My professional aspirations for the future are simply to continue painting and illustrating, educate, write, speak and be happy.
Whether you go down the freelance road or down the corporate, on-staff road it all comes down to balancing the pros of each with the cons of each and finding out what works best for you, and where you are in your life. There, likely, is no perfect situation. Although the grass often seems greener on the other side of the fence, just remember both sides have their share of dandelions and dog poop. It's a matter of finding balance. It's about finding the correct grass, dandelion and dog poop ratio that's right for you. I think I may have found mine.
Fred Fields - 2014
Fred Fields began oil painting when he was nine years old. After high school he attended Central Academy of Commercial Art in Cincinnati. After which, he landed a job with Leo Burnett Advertising in Chicago as a storyboard comp artist and doing side jobs for the likes of J. Walter Thompson and BBD&O; Chicago. A handful of Sword and Sorcery magazine covers came his way and eventually turned into a full time job with the the legendary art department at TSR Inc.

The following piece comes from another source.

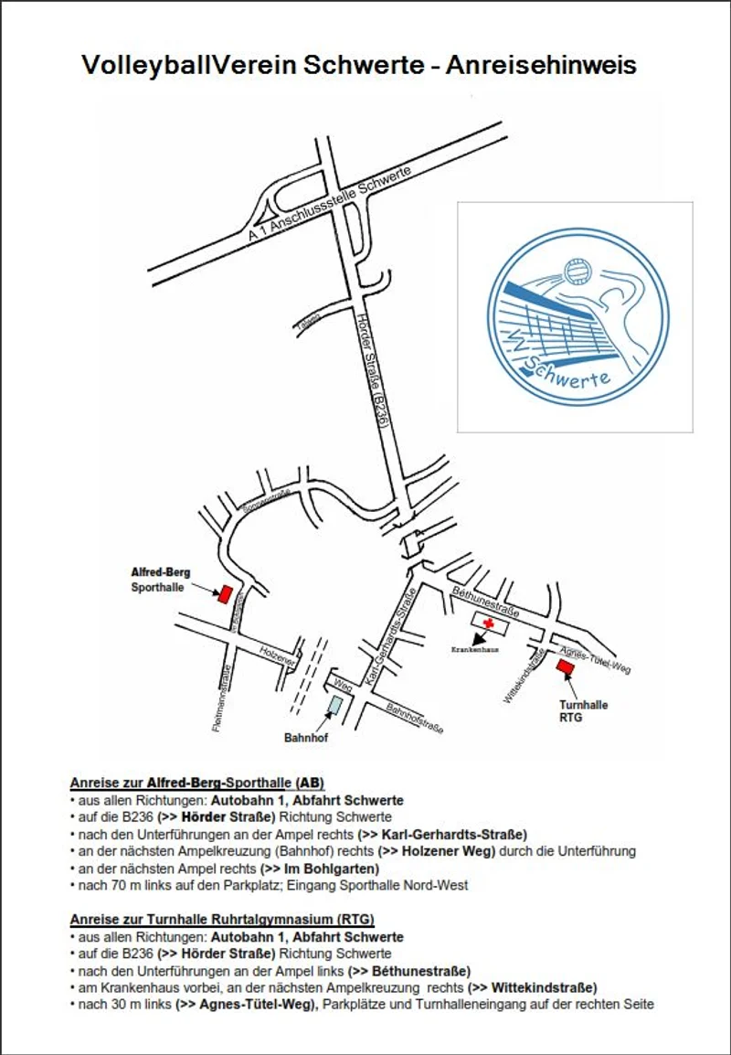 Über die A1/A45 — Ausfahrt Schwerte. Folgen Sie der Beschilderung Richtung Schwerte-Mitte. Die Sporthalle befindet sich Im Bohlgarten 12.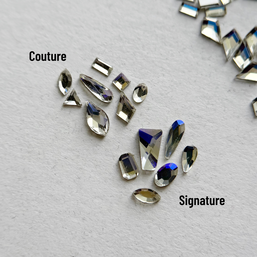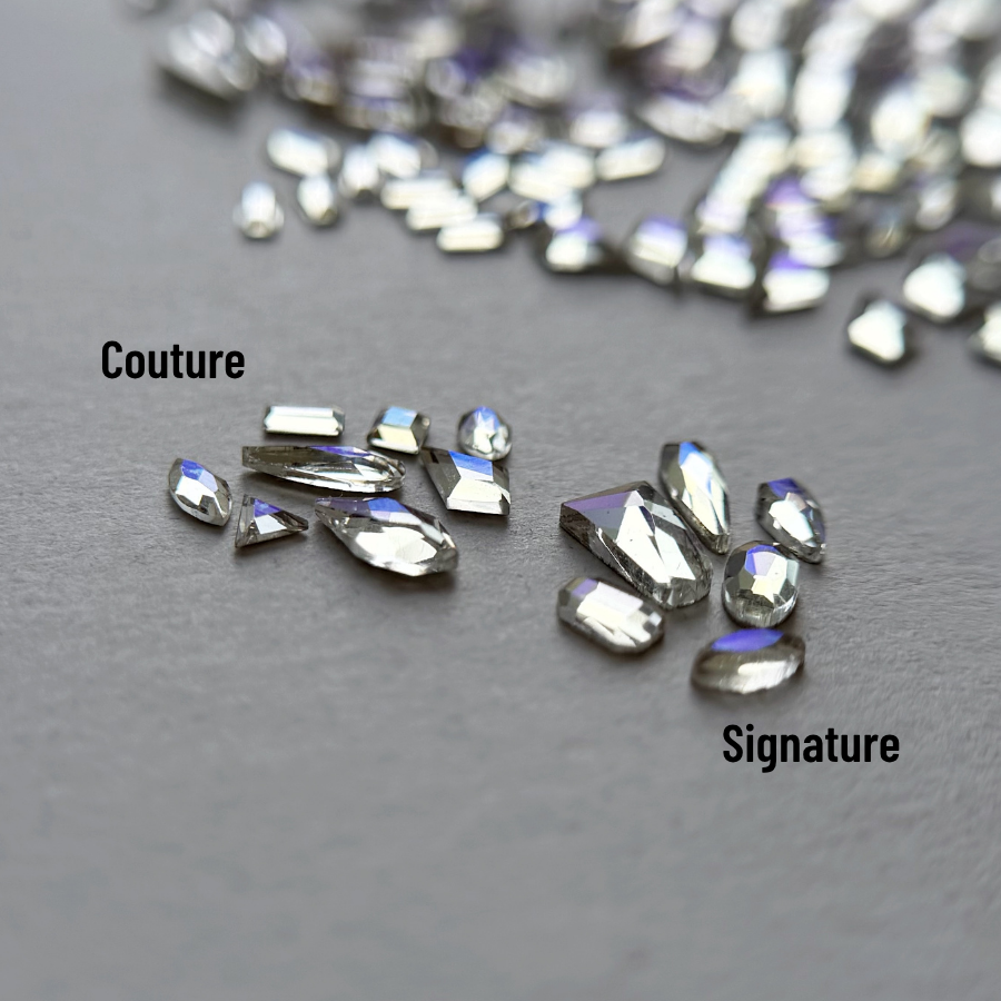Les diamants Couture se distinguent par une taille plus précise et des pointes plus définies, offrant un rendu fin et sophistiqué. Leur base légèrement surélevée crée des facettes supplémentaires, ce qui augmente la réflexion de la lumière et donne un éclat plus intense.

Fred worked for seven years as a cover illustrator at TSR Inc. and later with Wizards of the Coast where he work with such notably talented illustrators as Jeff Easley, Clyde Caldwell, Alan Pollack, Dana Knutson, Tony Sczcudlo, Robh Ruppel and Brom. He also spent several years in Arizona painting the sons and daughters of the great American West. He has also worked as a concept artist for Dream Forge Entertainment and Warner Brothers Interactive Entertainment.
Currently Fred is a self-employed illustrator, concept artist, storyboard artist and fine art painter. He now lives in his native state of Kentucky with his wife and sons. Life is good.